[What the task asks] Only the pictures should be dropped; every line of the data must come back exactly as written.

*** Recorded information ***

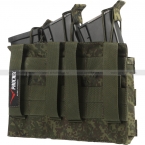 Подсумок открытого типа на три магазина АК и М-серии, а также похожие по габаритам. Конструкция подсумка состоит из трёх отделений, каждое из которых вмещает по одному магазину. Магазин удерживается внутри с помощью эластичной резинки с "язычком", которая держит плотно, но не мешает быстрому извлечению. Нет клапанов, нет застёжек – только простой доступ.
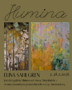Elina Sahlgren on 36-vuotias vaasalainen innostuja, joka maalaa omaksi ilokseen, rakkaudesta väreihin ja erilaisten asioiden kokeilemiseen.
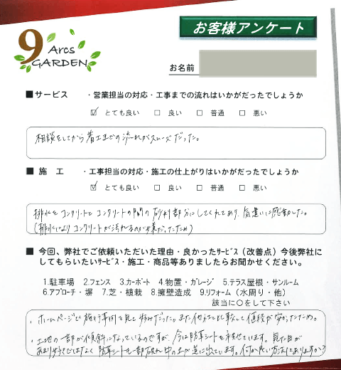 全体的にコンクリートを敷くだけの工事の感じと思っていましたが、見積もりで所々にワンポイントを入れてもらい仕上がりの見た目が全然変わりセンスの良さを感じました。

*** End of Recorded information ***

[Problem solution]
 Подсумок открытого типа на три магазина АК и М-серии, а также похожие по габаритам. Конструкция подсумка состоит из трёх отделений, каждое из которых вмещает по одному магазину. Магазин удерживается внутри с помощью эластичной резинки с "язычком", которая держит плотно, но не мешает быстрому извлечению. Нет клапанов, нет застёжек – только простой доступ.
Elina Sahlgren on 36-vuotias vaasalainen innostuja, joka maalaa omaksi ilokseen, rakkaudesta väreihin ja erilaisten asioiden kokeilemiseen.
 全体的にコンクリートを敷くだけの工事の感じと思っていましたが、見積もりで所々にワンポイントを入れてもらい仕上がりの見た目が全然変わりセンスの良さを感じました。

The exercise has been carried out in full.